Key words: Colletotrichum lindemuthianum, Heterokaryosis,
Esterase isoenzymes, Nitrate non-utilizing mutants,
Vegetative compatibility groups
INTRODUCTION
Colletotrichum lindemuthianum (teleomorph Glomerella lindemuthiana) is the causal agent
of anthracnose, one of the main diseases of the common bean (Phaseolus vulgaris). Anthracnose
occurs principally in leaf veins and pods, with almost total production loss (Jerba et al., 2005).
Although the sexual phase of C. lindemuthianum has already been reported in the laboratory, sexual
reproduction in field conditions is not common. However, the pathogen shows high genetic variability
which interferes with the cultivars’ resistance durability, with subsequent difficulty in the effective
control of anthracnose (Kimati and Galli, 1970; Balardin et al., 1997; Mahuku and Riascos, 2004).

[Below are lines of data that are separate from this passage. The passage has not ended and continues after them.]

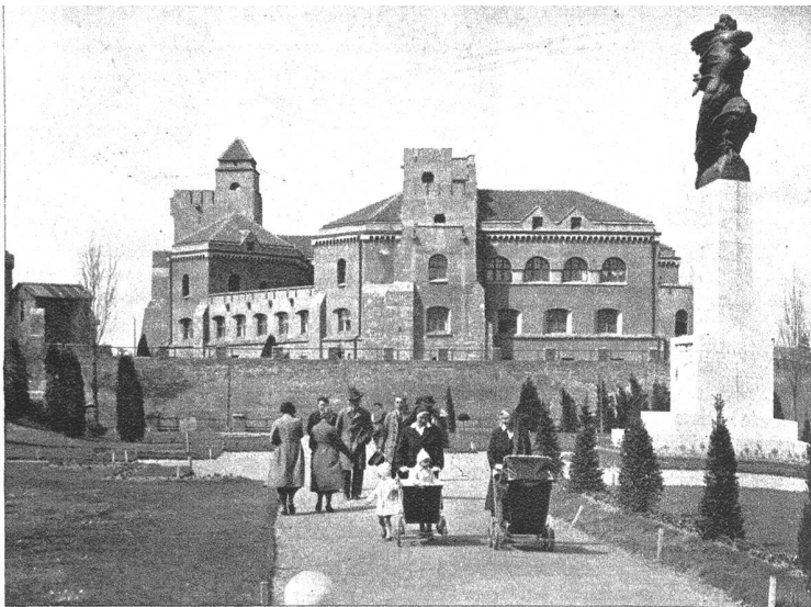
Die alte Festung in Beograd mit dem Freiheitsdenkmal von Mestrovic.
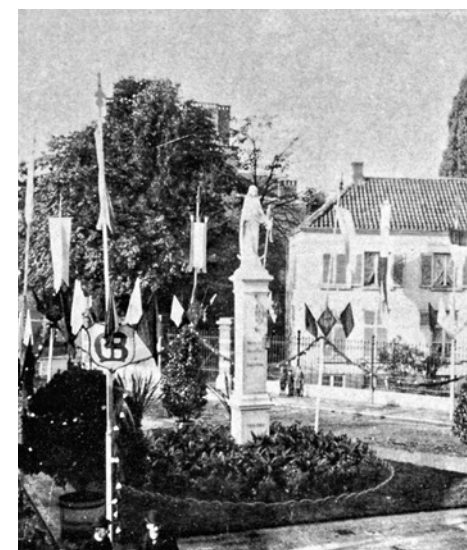
De Merodeplein 1904 met rechts woning van J. Meeüs
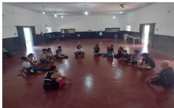
Oficina Ritmos – Roda de Conversa - Boa Vista
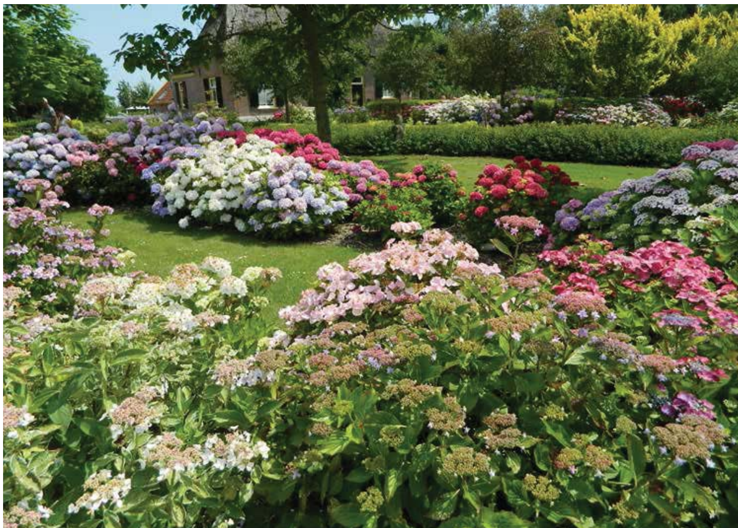
De hortensiatuin van Bertha's Hof

Hortensia heeft een, ten opzichte van andere soorten, erg afwijkend eikenbladachtig blad. De plant komt van oorsprong uit Noord Amerika. Het blad is circa 25 cm groot, fraai gevormd en krijgt een prachtige roodbruine herfstkleur. De bloei is van eind juli tot in september. De bloemen zijn pluimvormig, crème wit. De struiken worden op den duur zo'n 1,5 m hoog en breed.
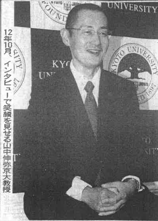
12年10月、インタビューで受領を見せる山中伸弥京大教授

特許も取らず、世界中の研究者に利用して欲しいという山中教授。「ジヤマナカ」の命名者は、「神の手」を持っていたが、山中教授は「万能神の手」を持ち、私は「奥の手」を持っていた。
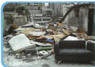
承辦民政署樓宇清潔計劃
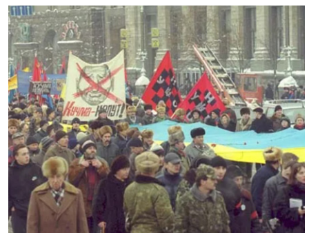
Proteste „Ukraine ohne Kutschma“ vom 6. Februar 2001.

Was Juschtschenkos Politik betrifft, so wurde er von den Vereinigten Staaten großzügig finanziert [15] und befürwortete einen schnellstmöglichen Beitritt zur NATO. Unter dem Deckmantel der neoliberalen Seriosität war Juschtschenko auch ein überzeugter Nationalist.
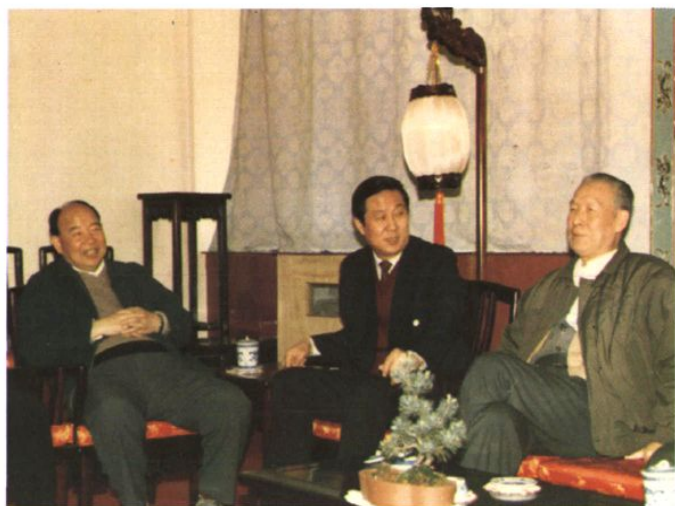
▲1991年4月19日，安徽省人民检察院检察长冯建华（左）、黄山市委书记季家宏（中）与高检院刘复之检察长（右1），在黄山市委办公厅亲切交谈。
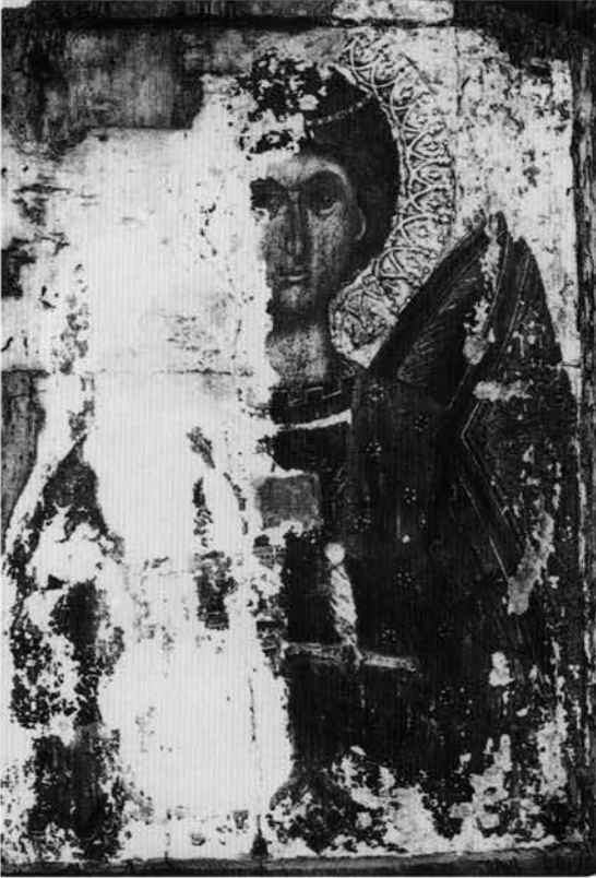
Εικ. 11. Συλλογή εικόνων Βέροιας. Εικόνα αγίου Γεωργίου από το ναό του Αγίου Δημητρίου στα Παλατίσια.

μόνος που μνημονεύεται στην επιγραφή του 1570 στο νότιο τοίχο της πρόθεσης 25 . Στον Νικόλαο έχω αποδώσει, εκτός από τις τοιχογραφίες του ιερού, και ορισμένους αγίους στο βόρειο τοίχο, όπως τον άγιο Προκόπιο, με τον οποίο παρουσιάζει πολλές ομοιότητες ο άγιος Γεώργιος της εικόνας, όπως σωστά παρατήρησε ο Παπαζώτος. Το εικονογραφικό πρότυπο του αγίου Γεωργίου –ως
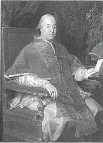
Papa Piju VI
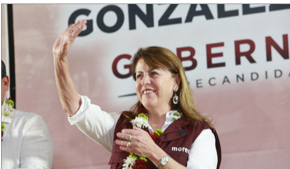
▲ La precandidata fue recibida calurosamente en Tepoztlán, en donde invitó a sus simpatizantes a mantenerse unidos para concretar la transformación en Morelos.
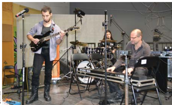
Występ zespołu rockowego, poprzedzający zabawę karnawałową

KURIER SZKOLNY | KACPER LACHOWICZ NA BAJKOWEJ
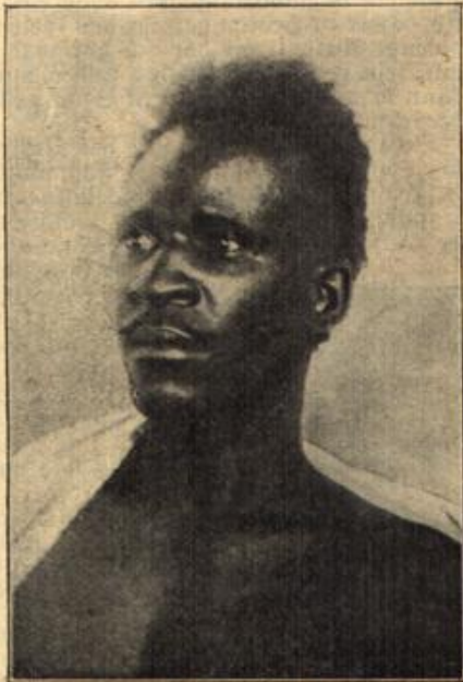
Ein Vorkämpfer für französische Kultur.

„Meine Frau hat immer ihre Geheim- nisse mit Herrn v. Heeren. Seit sieben Jahren ist es ihr höch- ster Ehrgeiz, meine Neugierde wach zu rufen, aber es gelingt ihr nicht.“
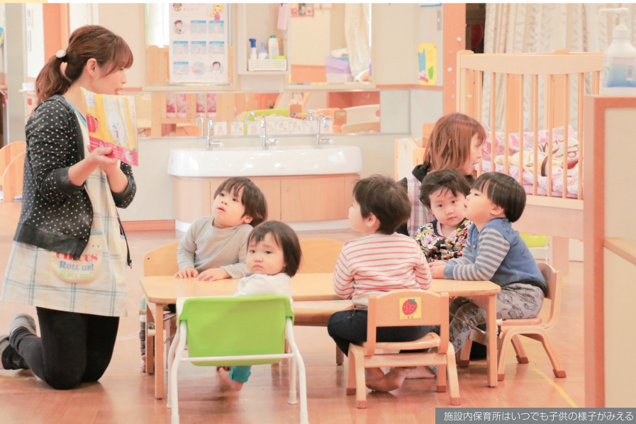
施設内保育所はいつでも子供の様子がみえる

地域の特色・文化を尊重し、地域で求められることに耳を傾けることが社会福祉法人の使命と考え、福祉だけでなく医療保険や教育の分野とも連携することが重要と考え、あらゆる角度から問題解決に取り組んでいます。
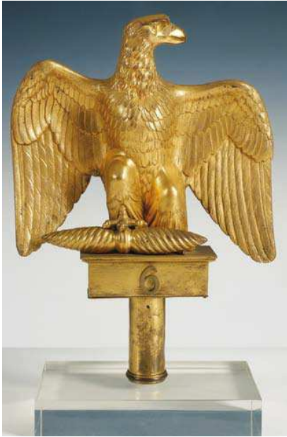
Aigle de drapeau du 6 e régiment des Chasseurs à cheval, Militaria, Paris, Fondation Napoléon
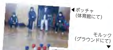
◀ポッチャ(体育館にて)
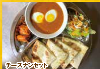
チーズナンセット
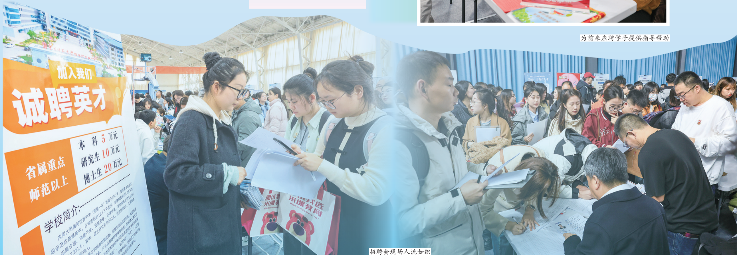
招聘会现场人流如织

The formation of conidial anastomosis tubes between conidia within acervuli has been
observed during C. lindemuthianum conidiogenesis and described as a mechanism that favors
exchange of nuclear material and organelles between incompatible strains. Conidial anastomosis
tubes were detected in pairs or in multiple associations of conidia (Roca et al., 2003).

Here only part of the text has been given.